# Exercise
Copy out exactly, from the entries that follow, the line holding "A group of misc.", the line holding "Stevige houten plaat", and all lines between them, but no pictures.
:: Material for this exercise
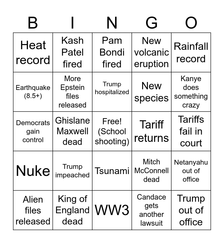 This bingo card has a free space and 24 words: Trump impeached, King of England dead, Trump hospitalized, Alien files released, Rainfall record, Heat record, Earthquake (8.5+), Kash Patel fired, Tariff returns, Tsunami, New species, Democrats gain control, Mitch McConnell dead, Netanyahu out of office, More Epstein files released, Candace gets another lawsuit, Tariffs fail in court, Pam Bondi fired, Kanye does something crazy, Ghislane Maxwell dead, Trump out of office, Nuke, New volcanic eruption and WW3.
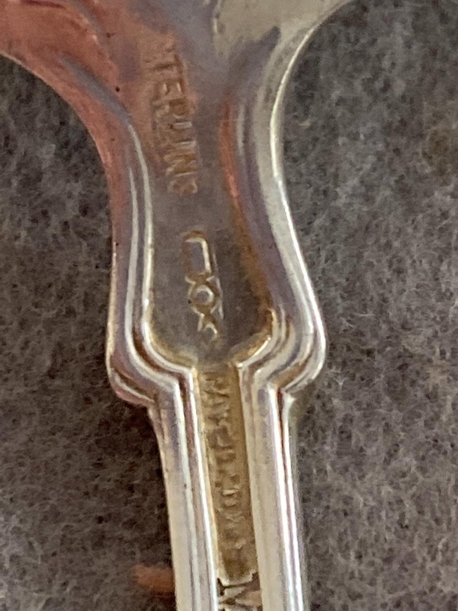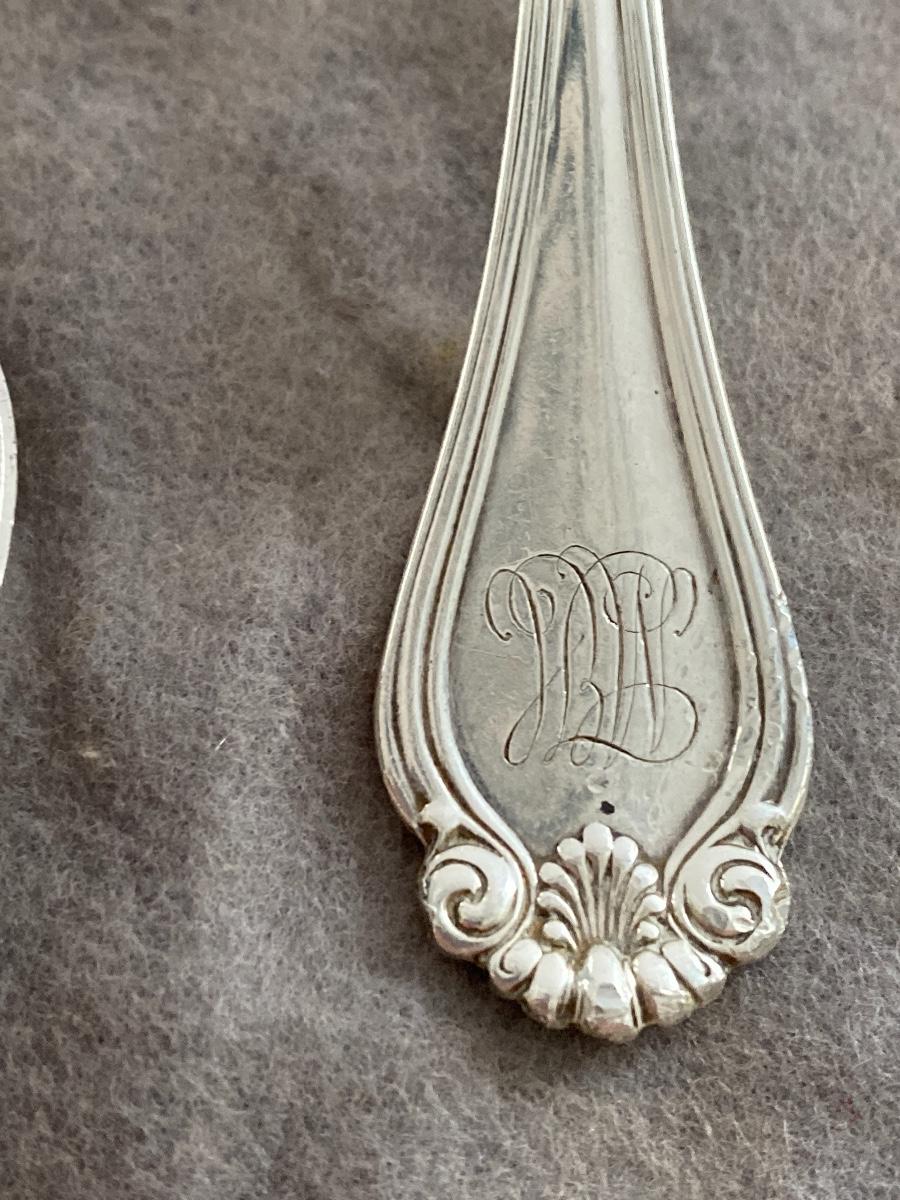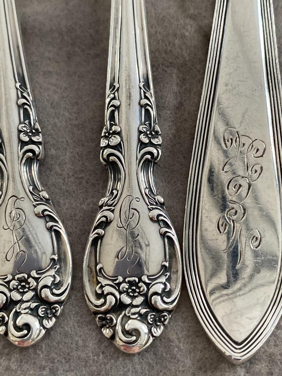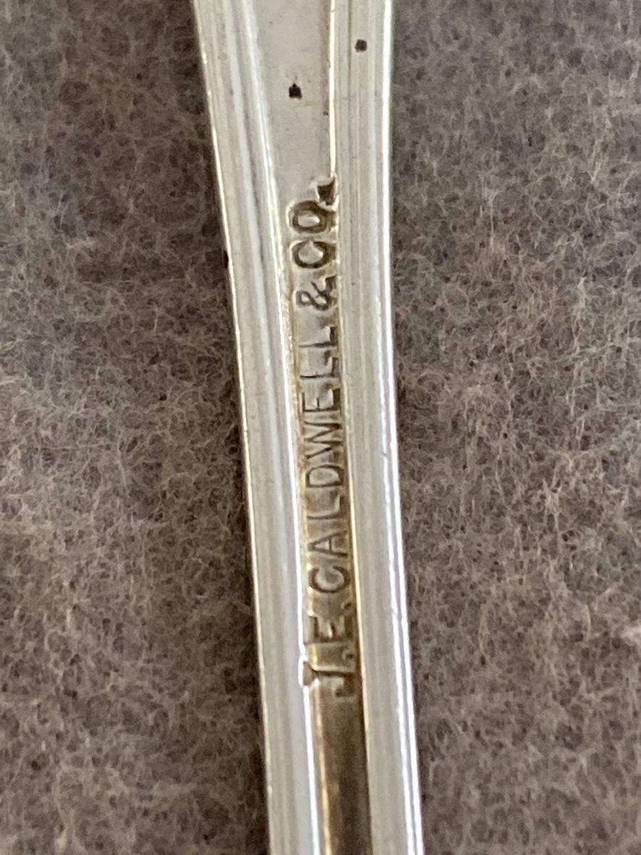 A group of misc. sterling silver flatware including: a pair of monogrammed sterling silver teaspoons stamped JE CALDWWELL & CO STERLING. Each spoon measures 6 inches long and the total weight of both spoons is 59.6 grams and 38.3 dwt. There is damage to the two spoons.
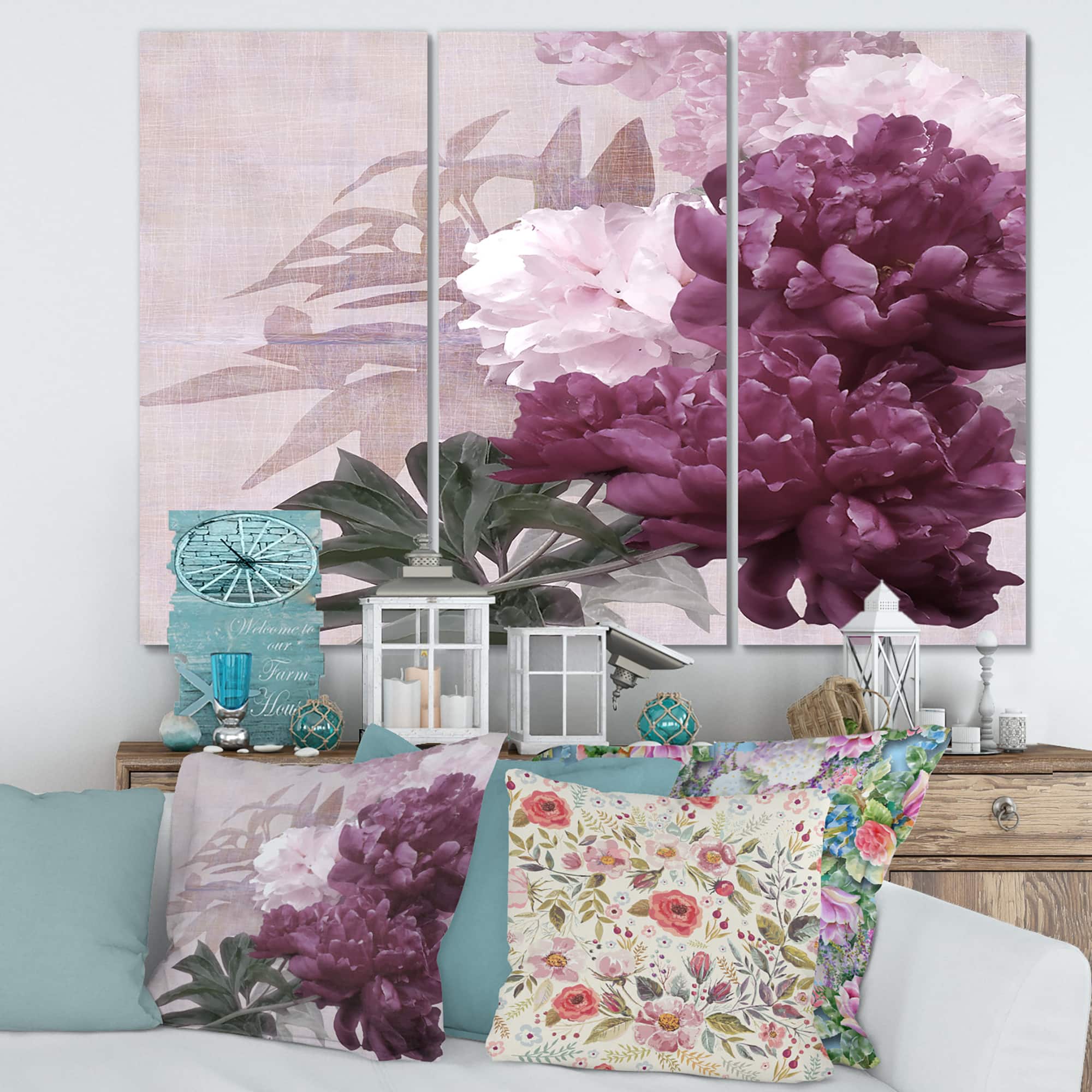 Designart - Vintage Purple and Pink Flowers I - Traditional Canvas Wall Art Print
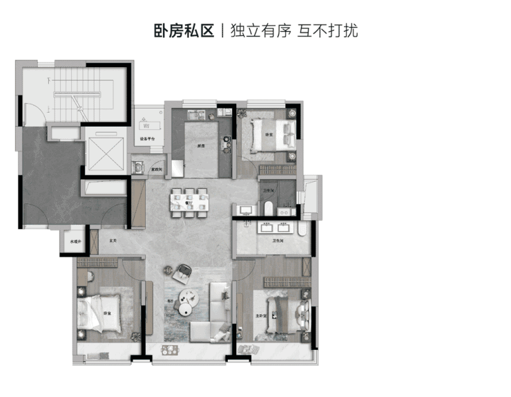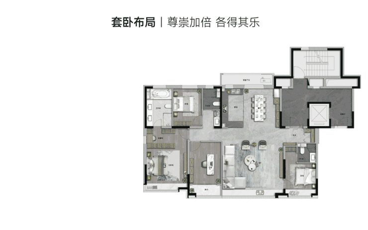 经典三叶草布局,三个卧室以起居空间为中心,各自独立,互不打扰,同时又能保持很好的统一。主卧约22㎡套房设计,270°转角落地窗+双台盆卫浴空间+衣帽间的高规格配置,更健康私密独立,集收纳、观景、休憩等功能于一体,营造更奢适朗阔的居住环境。次卧紧挨客卫,形成准套房设计,就近满足洗漱需求,提升居住便利性,让每处空间尽展舒适。
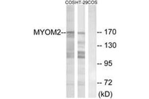MYOM2 Antibody detects endogenous levels of total MYOM2 protein.
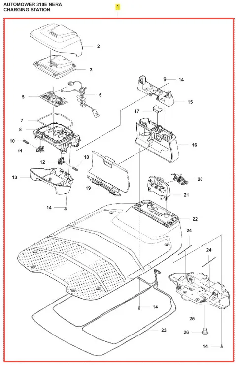 Stacja ładująca robota koszącego Automower 310E NERA Husqvarna - oryginalna część producenta, wykonana z wysokiej jakości materiałów. Aktualny numer katalogowy: 531422302. Instrukcje montażowe znajdują się w schemacie. Poniżej znajduje się lista modeli, w których ten element jest również wykorzystywany.
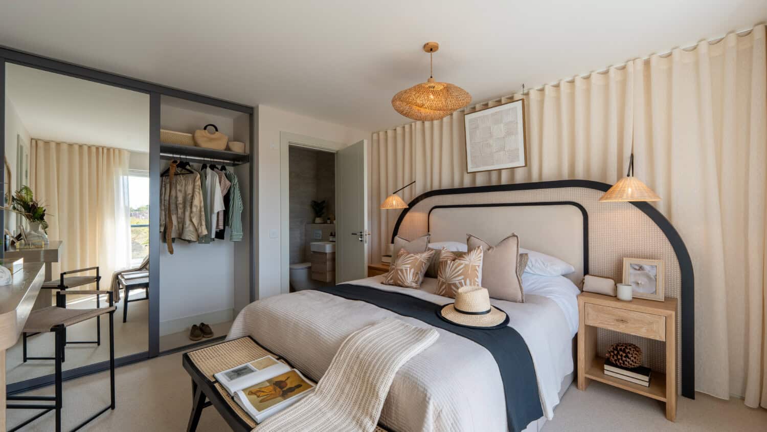 The primary bedroom can be found on the second floor, with a separate dressing room and en-suite with double shower.
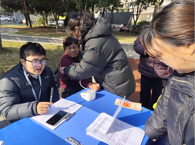 在提供健康服务的同时,反诈宣传也同步开展。临近年关,各类电信网络诈骗案件进入高发期。该行工作人员结合老年人容易中招的“保健品诈骗”“养老投资骗局”等典型案例,用通俗易懂的语言讲解诈骗分子的惯用伎俩和防范技巧。他们还向居民发放反诈宣传单页,手把手指导大家安装“国家反诈中心”APP,提醒居民“不轻信、不透露、不转账”,守好自己的“钱袋子”。
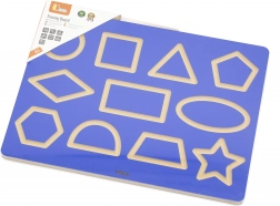 Stevige houten plaat met prettige tactiele feedback. Makkelijk te gebruiken aan tafel en onderweg, perfect voor thuis en in de kleuterklas.
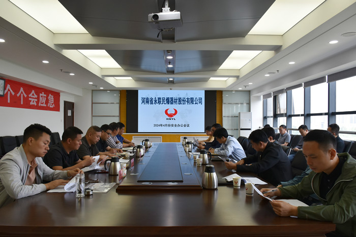2024年4月29日,河南省永聯民爆器材股份有限公司召開了4月份安全辦公會議,公司領導班子、安委會成員、安委會辦公室成員以及南召縣、光山縣、汝州、欒川縣、偃師市、鎮平等6家分公司負責人參加了會議。會議由公司副總經理靳義國主持,公司董事長、總經理劉嵩參加會議并講話。
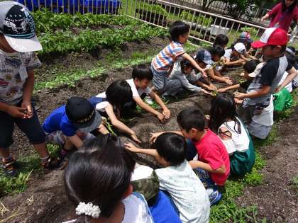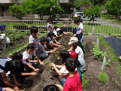 これで2年生が育てる野菜は,ミニトマト,オクラ,サツマイモの3種類になりました。どれも元気に育って,美味しい野菜が収穫できるといいなと思います。
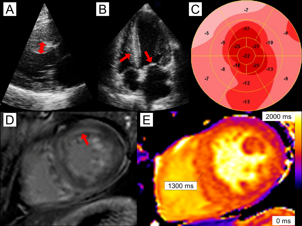 Figure 1A 56-year-old male with cardiac AL (light chain) amyloidosis. Echocardiography reveals mild asymmetric left ventricular (LV) hypertrophy with septal wall thickness of 14 mm (panel A, double-headed arrow) as well as thickening of the right ventricle (RV) and mitral valve (panel B, arrows). There is reduced global longitudinal strain of –14.3% and relative apical sparing (panel C). Cardiac magnetic resonance imaging reveals diffuse, predominantly subendocardial late gadolinium enhancement (panel D, arrow). Native T1 times were elevated in the septum, measuring 1300 ms (panel E).
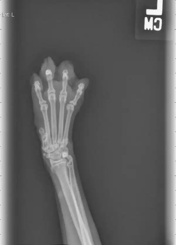 Снимок лапы моего кота после того, как он повредил пальчик
::::
# Result of the exercise
 A group of misc. sterling silver flatware including: a pair of monogrammed sterling silver teaspoons stamped JE CALDWWELL & CO STERLING. Each spoon measures 6 inches long and the total weight of both spoons is 59.6 grams and 38.3 dwt. There is damage to the two spoons.
 Designart - Vintage Purple and Pink Flowers I - Traditional Canvas Wall Art Print
 经典三叶草布局,三个卧室以起居空间为中心,各自独立,互不打扰,同时又能保持很好的统一。主卧约22㎡套房设计,270°转角落地窗+双台盆卫浴空间+衣帽间的高规格配置,更健康私密独立,集收纳、观景、休憩等功能于一体,营造更奢适朗阔的居住环境。次卧紧挨客卫,形成准套房设计,就近满足洗漱需求,提升居住便利性,让每处空间尽展舒适。
MYOM2 Antibody detects endogenous levels of total MYOM2 protein.
 Stacja ładująca robota koszącego Automower 310E NERA Husqvarna - oryginalna część producenta, wykonana z wysokiej jakości materiałów. Aktualny numer katalogowy: 531422302. Instrukcje montażowe znajdują się w schemacie. Poniżej znajduje się lista modeli, w których ten element jest również wykorzystywany.
 The primary bedroom can be found on the second floor, with a separate dressing room and en-suite with double shower.
 在提供健康服务的同时,反诈宣传也同步开展。临近年关,各类电信网络诈骗案件进入高发期。该行工作人员结合老年人容易中招的“保健品诈骗”“养老投资骗局”等典型案例,用通俗易懂的语言讲解诈骗分子的惯用伎俩和防范技巧。他们还向居民发放反诈宣传单页,手把手指导大家安装“国家反诈中心”APP,提醒居民“不轻信、不透露、不转账”,守好自己的“钱袋子”。
 Stevige houten plaat met prettige tactiele feedback. Makkelijk te gebruiken aan tafel en onderweg, perfect voor thuis en in de kleuterklas.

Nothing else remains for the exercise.